# Extremely Portable Haunted House?



## joker (Sep 25, 2007)

It's just an idea I'm kicking around but I think it just might work and fit my needs/budget.

There are many issues (I think most of us deal with these at one time or another) with my haunt that have led me to this crazy idea. Storage is getting harder and harder, would like more haunt space, would like to go pro at some time but where, Would like to be able to easily setup and leave the majority of my stuff or at least have it handy for setup.

I'm considering purchasing a 40+ semi trailer to house my haunt. It would serve as storage during the off season, and it appears that it would be fairly easy to find a location (vacant lot) as well as be able to setup for trade show/fair type events.

Most trailers or 8' wide and 8' tall so that doesn't give a lot of options with a 40' trailer, but am thinking about reinforcing the walls to accomodate 3 fold down doors (floors when open) that I could attach modular walls to create 3 addtional rooms off the side of the trailer. 2 on one side and one on the other. Of course the doors would need some type of support below to hold weight. Was considering a slide out type room at first, but not sure how one would go to make that work. The drop door just seemed easier to figure out.

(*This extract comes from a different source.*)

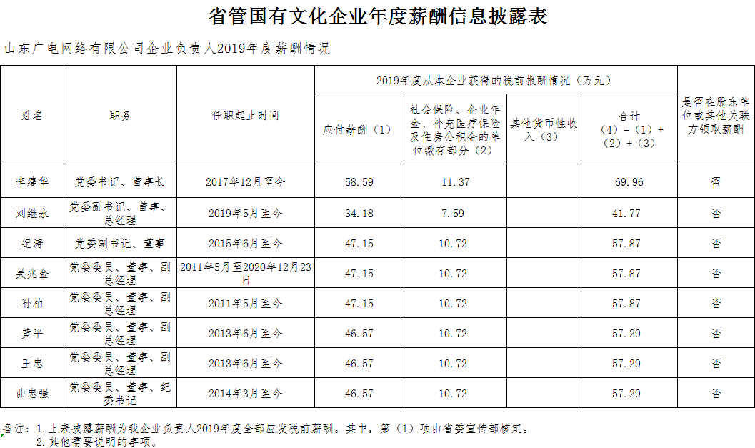 山东广电网络有限公司企业负责人2019年度薪酬情况
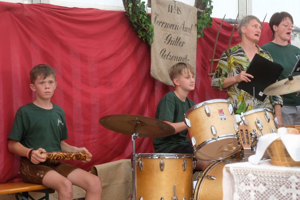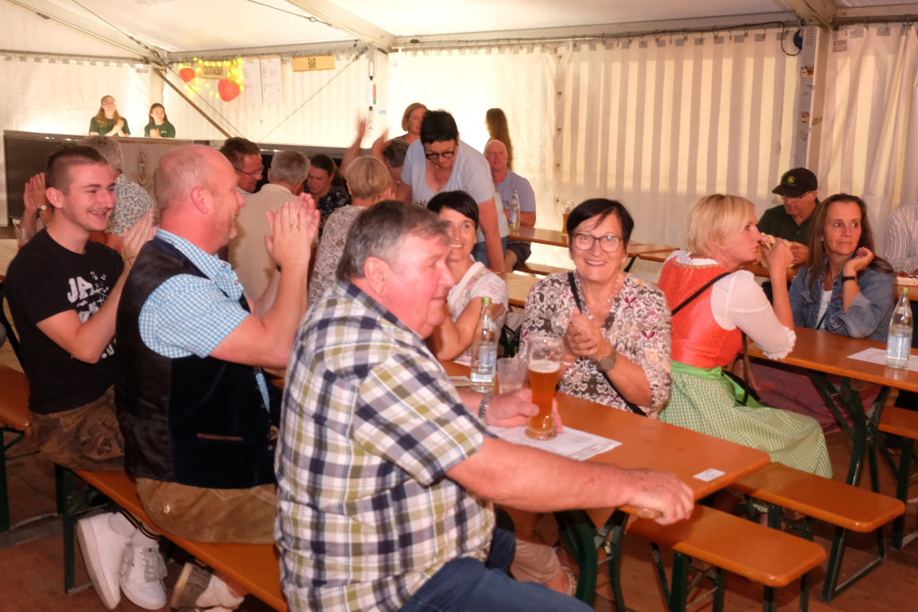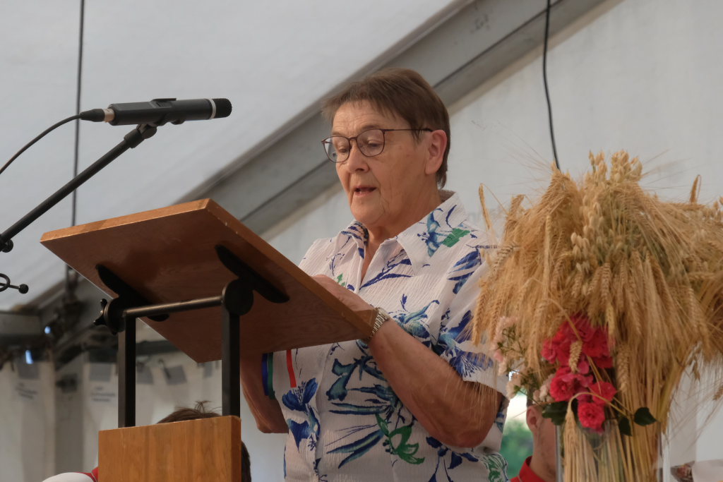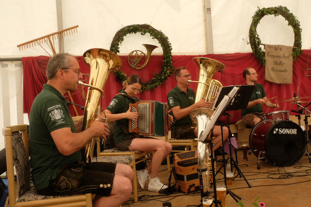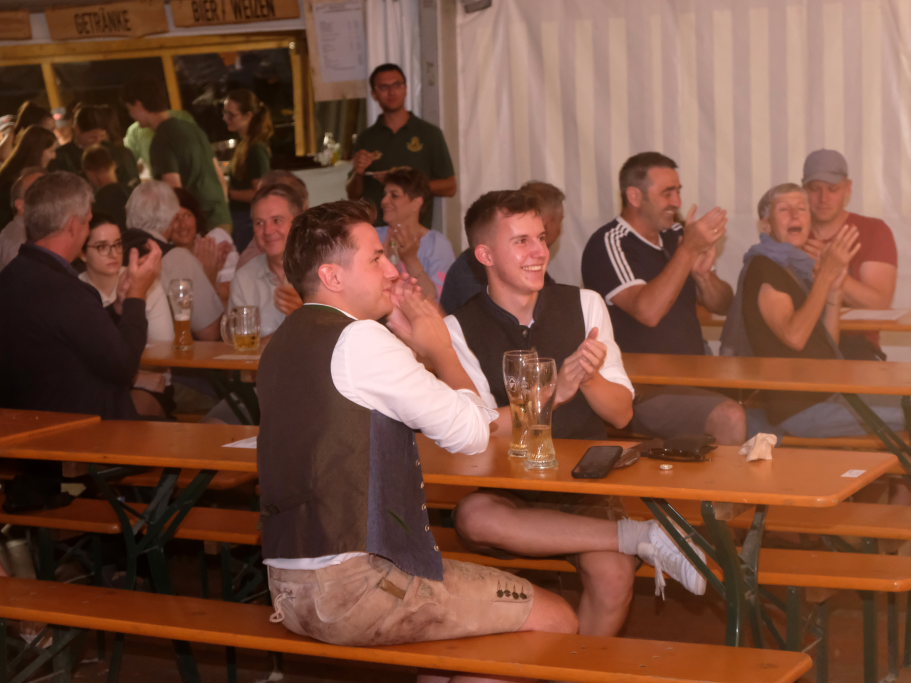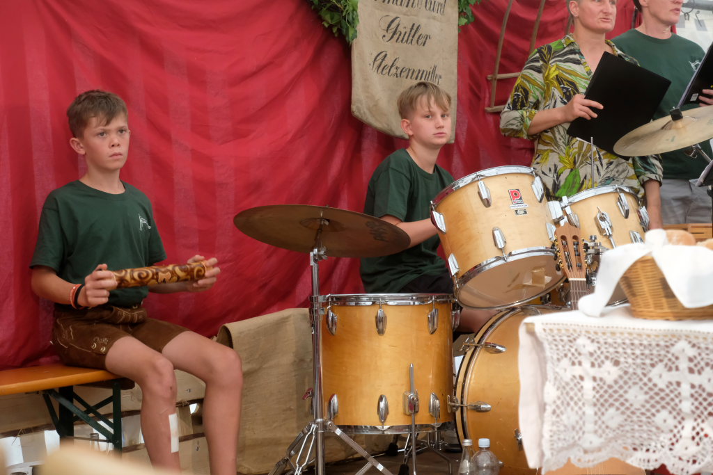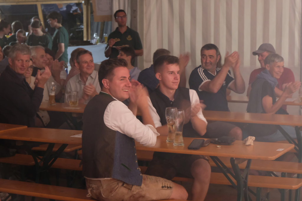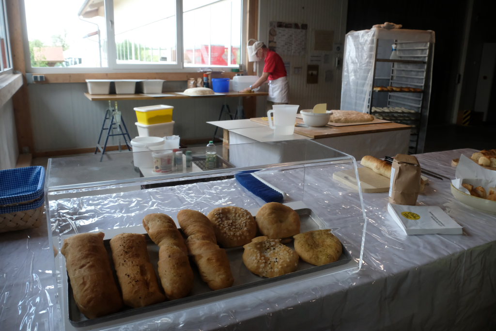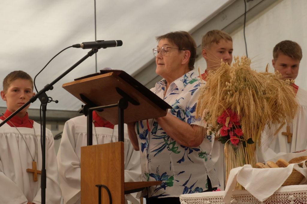 Doch die Nacht wurde für die „Schaffer“ des Musikvereines nur kurz, musste doch der Zeltgottesdienst und der Frühschoppen am Sonntagmorgen noch vorbereitet werden. Dieser wurde von Pastoralreferent Matthias Winstel von der Seelsorgeeinheit Bad Wurzach zelebriert, musikalisch unterstützt von einem Instrumentalensemble und einem Projektchor der Kirchengemeinde. Anstelle der Kommunion verteilte Winstel eigens von Bäcker Schneider in Haidgau gebackenes Brot unter den Gottesdienstbesuchern, das diese miteinander brechen durften und dabei möglichst viel miteinander reden sollten.

So am I crazy? I think I can do it cheaper than these guys http://www.hysteriacity.com/id15.html


----------



## Spooky1 (Aug 25, 2008)

Sounds like an interesting option. I'd still worry about the security of the trailer (and its contents) parked in a vacant lot.


----------



## Hauntiholik (May 17, 2006)

There was some discussion on this here http://hauntforum.com/showthread.php?t=5776


----------